**Problem statement:**
Where does the string "baie" appear in the records? Copy each line that holds it.

**Exercise input:**
Start of Block
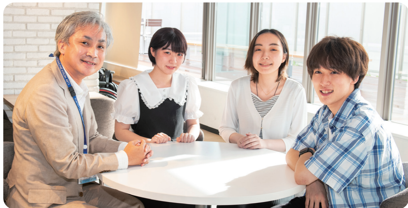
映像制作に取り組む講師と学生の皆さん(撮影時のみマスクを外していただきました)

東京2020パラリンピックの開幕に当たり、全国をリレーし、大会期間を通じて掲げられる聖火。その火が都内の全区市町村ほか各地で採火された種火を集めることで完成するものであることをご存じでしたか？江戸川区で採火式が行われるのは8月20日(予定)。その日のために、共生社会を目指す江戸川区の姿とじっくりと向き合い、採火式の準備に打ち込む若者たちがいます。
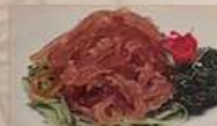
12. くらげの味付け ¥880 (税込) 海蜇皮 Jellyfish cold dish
End of Block
Start of Block
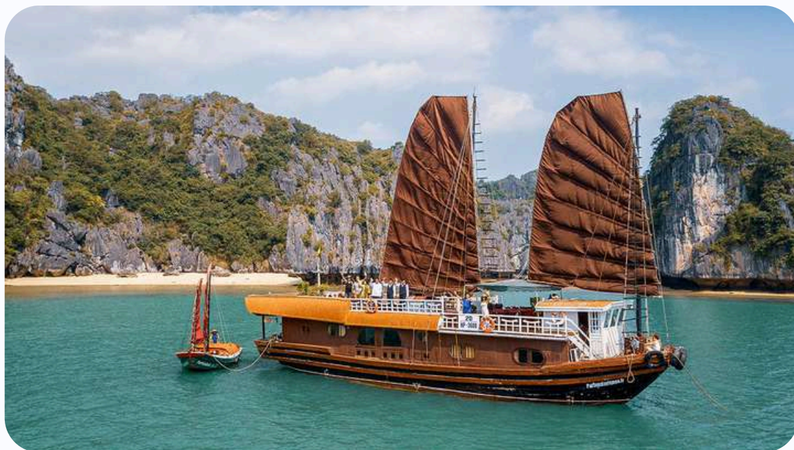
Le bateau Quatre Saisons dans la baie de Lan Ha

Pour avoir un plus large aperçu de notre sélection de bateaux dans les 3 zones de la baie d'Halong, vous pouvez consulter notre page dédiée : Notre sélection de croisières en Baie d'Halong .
End of Block
**Result:**
Le bateau Quatre Saisons dans la baie de Lan Ha
Pour avoir un plus large aperçu de notre sélection de bateaux dans les 3 zones de la baie d'Halong, vous pouvez consulter notre page dédiée : Notre sélection de croisières en Baie d'Halong .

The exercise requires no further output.